:: Task item ::
From the line containing "Corda da Arrampicata" down to the line containing "50% הנחהטבעת אירוסין", copy out the entries below exactly, both lines included, and nothing else; pictures do not belong in the copy.

:: Data provided ::
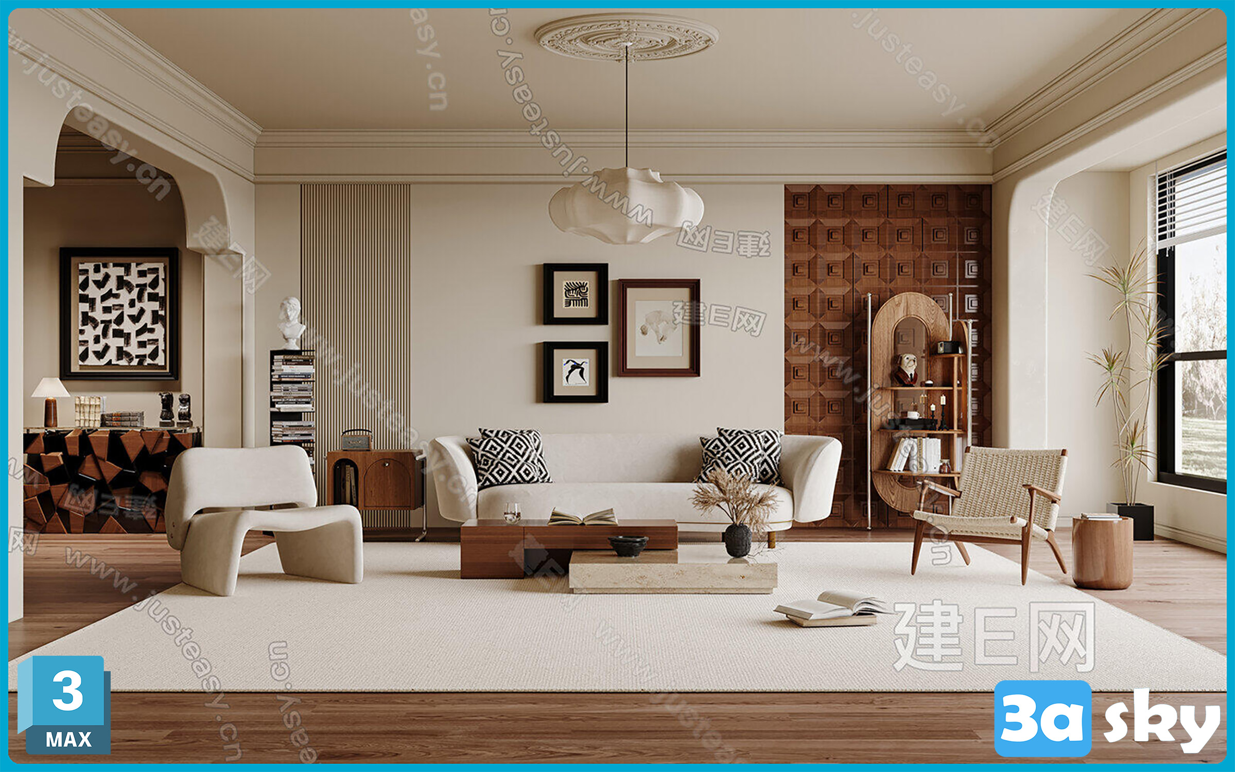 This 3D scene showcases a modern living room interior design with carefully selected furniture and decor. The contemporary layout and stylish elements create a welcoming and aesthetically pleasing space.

---

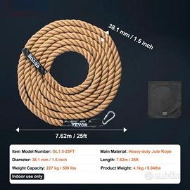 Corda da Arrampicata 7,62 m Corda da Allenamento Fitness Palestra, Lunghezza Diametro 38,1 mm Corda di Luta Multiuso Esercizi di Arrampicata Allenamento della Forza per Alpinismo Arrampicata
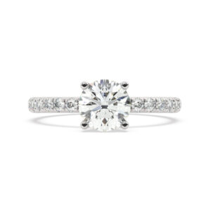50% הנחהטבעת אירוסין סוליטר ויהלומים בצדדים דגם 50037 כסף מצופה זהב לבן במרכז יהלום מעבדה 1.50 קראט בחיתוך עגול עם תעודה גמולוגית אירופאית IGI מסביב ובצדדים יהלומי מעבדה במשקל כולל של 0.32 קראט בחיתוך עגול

:: Exercise response ::
 Corda da Arrampicata 7,62 m Corda da Allenamento Fitness Palestra, Lunghezza Diametro 38,1 mm Corda di Luta Multiuso Esercizi di Arrampicata Allenamento della Forza per Alpinismo Arrampicata
50% הנחהטבעת אירוסין סוליטר ויהלומים בצדדים דגם 50037 כסף מצופה זהב לבן במרכז יהלום מעבדה 1.50 קראט בחיתוך עגול עם תעודה גמולוגית אירופאית IGI מסביב ובצדדים יהלומי מעבדה במשקל כולל של 0.32 קראט בחיתוך עגול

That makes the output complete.